Я не мог. Я сидел над ним год. Иногда я придумывал фразу, целый день с этой фразой ходил, как с болячкой на сгибе локтя: все боялся о ней позабыть, сковырнуть ее вдруг ненароком. Я ощупывал фразу украдкой, пока слушал чужой разговор или делал себе бутерброд. Я был даже по-своему счастлив… До тех пор, пока, лежа в кровати, уже вечером, не понимал, что она никуда не годится: неказистая или… не знаю… выдает меня за скупердяя. И тогда я менял все слова. Сокращал, добавлял, тасовал. И еще вспоминал кое-что и мечтал, как бы все ведь могло, как бы было, когда бы не то… И сердился. Не знаю, на что. На себя? На нее? На слова? Зря я, впрочем, пенял на слова. Дело было не в них, а в моей неспособности их приручить, в неумении выбрать среди них такие, которые лягут, как пазлы, все вместе, составив картину. Сидя там, в стариковской квартире, гладя кошку, которая часто ложилась у ног и следила за танцем пылинок, поднимаемых ветром с балкона, я не слышал, как он говорит, не смотрел на часы, на протертый ковер, на рисунок обоев. Я все время был там, на картине, которую он воскрешал.
Нина жила в Бейруте со своим отцом. Жесткие темные волосы и прямой нос с маленькой горбинкой ей достались именно от него – невысокого, строгого, сумрачного.
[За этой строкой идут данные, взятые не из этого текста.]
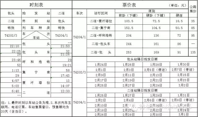 包头至二连浩特自1月24日起至2月5日止、2月9日起至3月2日止,隔日加开T4202/3次,全程运行时间为8小时30分。
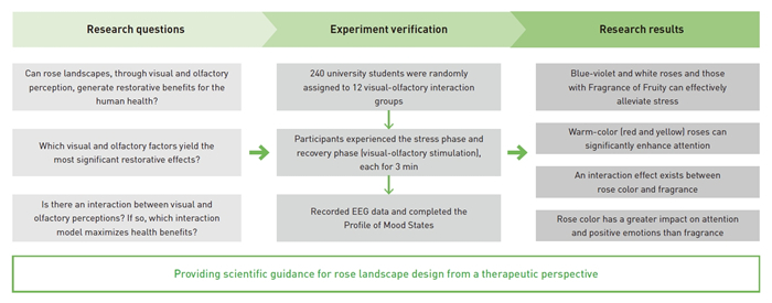 Plant landscapes play a vital role in promoting physical and mental health. Rosa chinensis, commonly known as "Chinese rose" and with diverse colors and fragrances, is widely used in urban landscaping and home gardening. However, its restorative benefits have yet to be explored from a sensory interaction perspective. This study investigated the effects of rose landscapes on stress relief, attention recovery, and emotional regulation. Participants (university students) were randomly assigned to 12 sensory groups combining six color series (white, orange, pink, red, yellow, and blue-violet) with two fragrance types—Fragrance of Rose (FR) and Fragrance of Fruity (FF). Through stress-inducing tasks followed by visual-olfactory recovery experiments, physiological and psychological data—including EEG and mood states—were analyzed. Results showed that white and blue-violet roses significantly alleviated stress, with the FF roses outperforming the FR ones. Warm colors (e.g., red, yellow), particularly the red–FR and yellow–FF combinations, excelled in boosting attention and positive emotions. Furthermore, visual stimuli had a greater impact on attention recovery and improvement of emotional health than olfactory stimuli. The study also confirmed the potential of sensory interactions in optimizing landscape perception and enhancing health benefits. Based on these findings, practical design strategies were proposed to maximize the therapeutic value of rose landscapes for various land uses. This research offers critical insights into leveraging plant landscapes for health promotion and provides new directions for designing urban green spaces and therapeutic environments.

А вот бледную кожу, веснушки и нежную линию губ, осанку и легкую грусть она унаследовала от мамы: та была русской.
– Мама много читала. Часто смеялась. Готовила каши. А шкурки от яблок все время срезала. И слушала птиц. Любила меня, наши с ней отражения, руки. Глаза подводила домашним кайалом, а мне это делать всегда запрещала. Она умерла под колесами старой машины, когда я была в магазине. Я вышла оттуда со сказками Санд и модным журналом, которые мне продавец так любезно все вместе связал, чтоб не выронить, розовой лентой. За завтраком мы обсуждали, каким будет во?рот у платья, которое, если успеем, то к августу, может, сошьем. Странно было листать его после всего: без нее – мне одной. Тот журнал, я его уронила. Он испачкался в чем-то, конечно, а модель на обложке все так же сияла… Что до сказок, то, знаете, Ян, они были красивые. Очень. Может быть, даже слишком красивые. Но не очень… не очень-то страшные.
Обо всем этом Нина спокойно, не громко, прищурившись только от солнца, нещадно слепившего утром, ему рассказывала по-русски.
– Арабы говорят так, что все звуки у них как будто сливаются в одну густую и тягучую массу. И слова они обычно произносят негромко и мягко.
Он улыбнулся. Негромко и мягко. Чай остывал, а я слушал и гладил, не глядя, за ухом дремавшую кошку. Вечер воскресенья окрасил гостиную в розовый цвет. Цвет как у ленты, связавшей ей сказки с журналом. Мне он до этого дня представлялся наивным и сладким. Я ошибался. Розовый цвет – самый грустный из всех.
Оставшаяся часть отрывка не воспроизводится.